The reforms will increase the flexibility of code-making under the Act, reduce inconsistency and improve coherence across different legal frameworks with privacy protections, and simplify requirements for transferring personal information overseas, particularly to those countries with substantially similar privacy laws.

Improve control and transparency for individuals over their personal information. The reforms will provide Individuals with greater transparency and control over their information through improved notice and consent mechanisms. The reforms will also explore the scope and application of new rights in relation to personal information and increased avenues to seek redress for interferences with privacy through a direct right of action permitting individuals to apply to the courts for relief for interferences with privacy under the Privacy Act and a new statutory tort for serious invasions of privacy.

● Strengthen enforcement
The reforms will increase enforcement powers for the OAIC, expand the scope of orders the court may make in civil penalty proceedings and empower the courts to consider applications for relief made directly by individuals.

A strategic review of the OAIC and further consideration of its resourcing requirements, including investigating the effectiveness of an industry funding model and establishing litigation funds, will enhance the effectiveness of Australia's privacy regulator.

Australia's Privacy Framework: What you need to know now

Attorney-General Mark Dreyfus recently released the "Government Response to the Privacy Act Review Report". The response agrees to 38 proposals fully, agrees in principle to 68 proposals and notes 10 proposals for further consideration.

Here's what you need to know at a glance:
● Australians can now:
○ Demand that tech companies erase their data
○ Sue for privacy breaches
○ Opt out of being targeted, using sensitive personal information

● Full transparency with AI:
○ The government intends to mandate greater transparency regarding the utilisation of personal data by AI tools.

● Aussie Data Privacy: Taking Cues from GDPR
○ Australia considering adopting similar data privacy regulations akin to Europe's.

● Personalised Advertisements:
○ No approval for rights to opt out of personalised ads or to prevent political parties from targeting based on "sensitive information or traits".

● Transparency Requirement:
○ Entities to be more transparent about personal data use in automated decision-making processes.

What's next?
The government is taking a comprehensive approach to reform, with plans for further consultation and impact analysis before finalising the reform. In 2024, they intend to introduce legislation aimed at safeguarding personal information. Meanwhile, non-legislative proposals, such as new codes and guidance, will be implemented sooner. There will also be further opportunities for public consultation in the next phase.

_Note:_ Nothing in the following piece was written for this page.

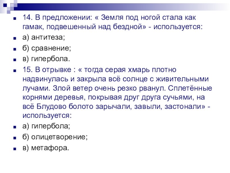 15. В отрывке : « тогда серая хмарь плотно надвинулась и закрыла всё солнце с живительными лучами. Злой ветер очень резко рванул. Сплетённые корнями деревья, покрывая друг друга сучьями, на всё Блудово болото зарычали, завыли, застонали» - используется:

The fuel that propels transformation 
Securing executive buy-in for transformation and adapting to rapid shifts in the consumer and data privacy landscape is critical. However, Arktic Fox's Digital "Marketing In Focus study highlights a glaring obstacle to this transformation." What we found is that while organisations are embracing digital transformation – not enough are succeeding," Sperti points out. "Nearly 40% of leaders stated that one of the key difficulties they face is senior leadership understanding and buy-in. This topped the list."

This is a real problem, she says, adding, "A lack of executive knowledge and understanding when it comes to digital makes it harder to drive alignment and focus. This results in less investment while increasing the likelihood that more leaders and teams work against, not for, the change."

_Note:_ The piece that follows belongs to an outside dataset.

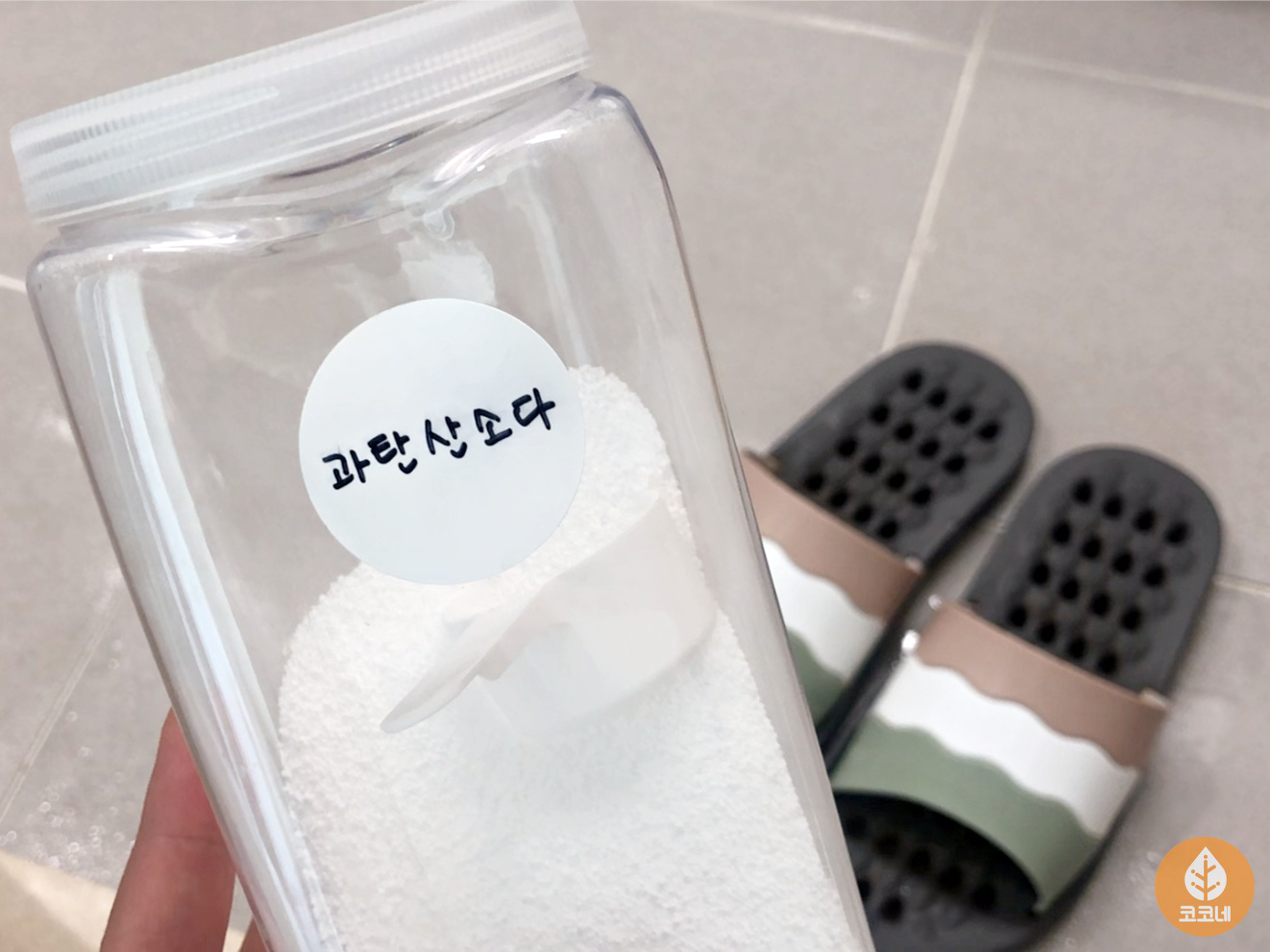 화장실 슬리퍼를 넣고 살살 흔들어 주세요.

Putting your customer at the centre of the experience is critical for ongoing success. Mounting research suggests that companies that adopt a customer-centric approach tend to outperform their competitors in areas like revenue generation and market share.

Ultimately, embracing these priorities and investing in the necessary resources, whether it's data privacy compliance, personalisation tools or workforce development, is essential for guiding their organisations toward a successful and adaptive future.